All the afternoon he lay there. As it grew cooler he stirred about uneasily. At dusk he started up for his nest. It was a hard pull to get there. His head was heavy, and his legs shaky. Half way up, he stopped on top of the lower sash to lie down awhile. He had a terrible headache, evidently; he kept rubbing his head with his fore legs as if to relieve the pain. After a fall or two on the second sash, he reached the top, and tumbled into his warm nest to sleep off the effects of his spree.

One such lesson should have been enough; but it wasn't. Perhaps, also, I should have put temptation out of his way; for I knew that all hornets, especially yellow-jackets, are hopeless topers when they get a chance; that when a wasp discovers a fermenting apple, it is all up with his steady habits; that when a nest of them discover a cider mill, all work, even the care of the young, is neglected. They take to drinking, and get utterly demoralized. But in the interest of a new experiment I forgot true kindness, and left the tumbler where it was.

The next day, at noon, he was stretched out on the sill, drunk again. For three days he kept up his tippling, coming out when the sun shone warmly, and going straight to the fatal tumbler. On the fourth day he paid the penalty of his intemperance.

The morning was very bright, and the janitor had left the hornet's window slightly open. At noon he was lying on the window sill, drunk as usual. I was in a hurry to take a train, and neglected to close the window. Late at night, when I came back to my room, he was gone. He was not on the sill, nor on the floor, nor under the window cushions.
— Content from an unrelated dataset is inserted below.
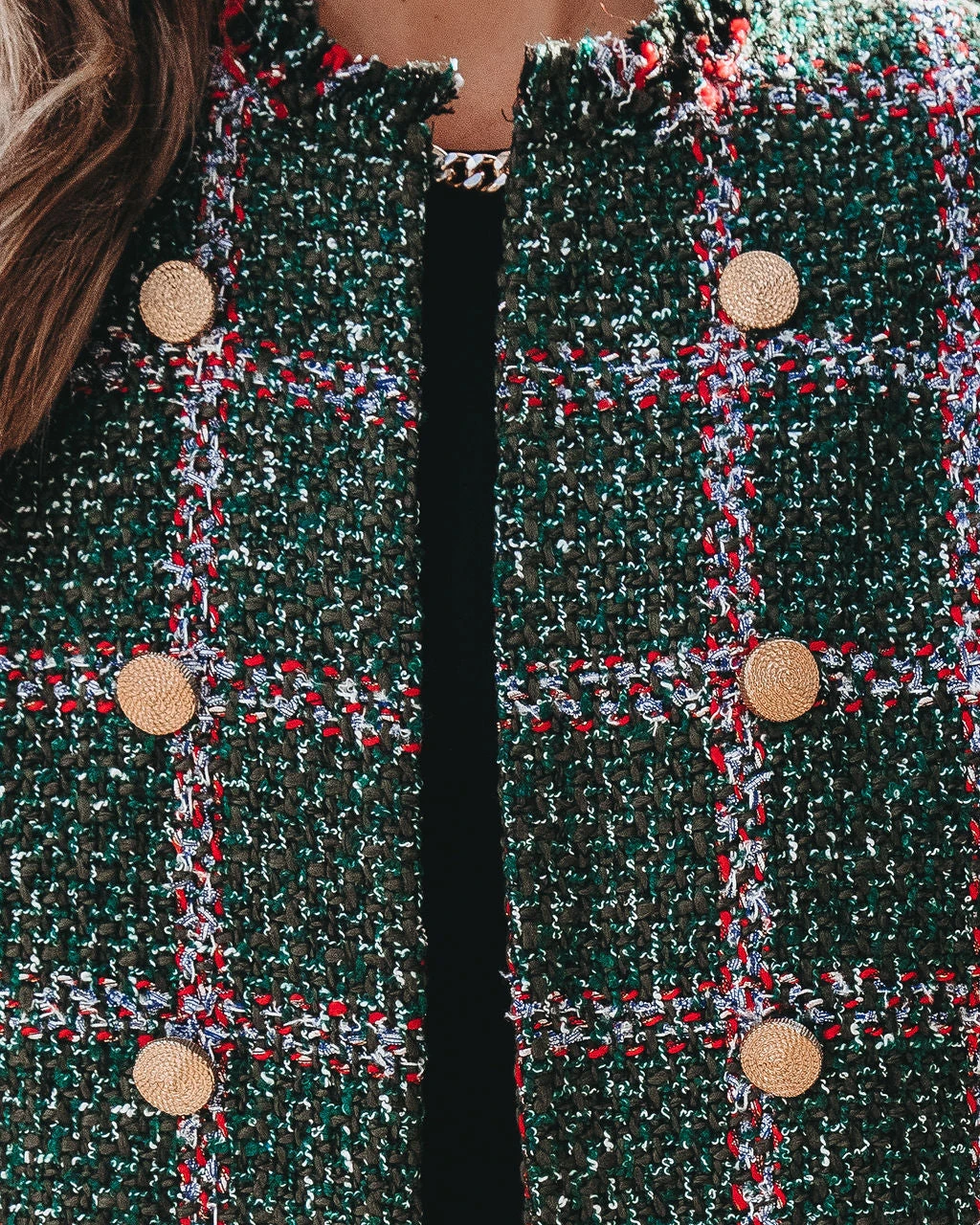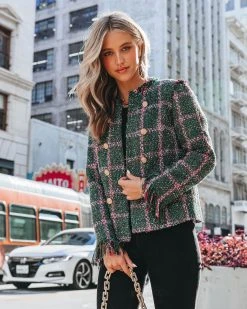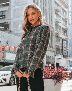 Prep up your wardrobe in the Tory Tweed Fringe Blazer in green that features gold button closures.

His nest in the casing, where I had so often watched him asleep, was empty. Taking a candle, I went out to search under the window. There I found him in the snow, his legs curled up close to his body, frozen stiff with the drip of the eaves.

I carried him in and warmed him at the fire, but it was too late. He had been drunk once too often. When I saw that he was dead, I stowed him away in the nest he had been seeking when he fell out into the snow. I tried to read; but the book seemed dull. Every little while I got up to look at him, lying there with his little pointed face, still dead. At last I wrapped him up, and pushed him farther in, out of sight.

All the while the empty tumbler seemed to look at me reproachfully from the window sill.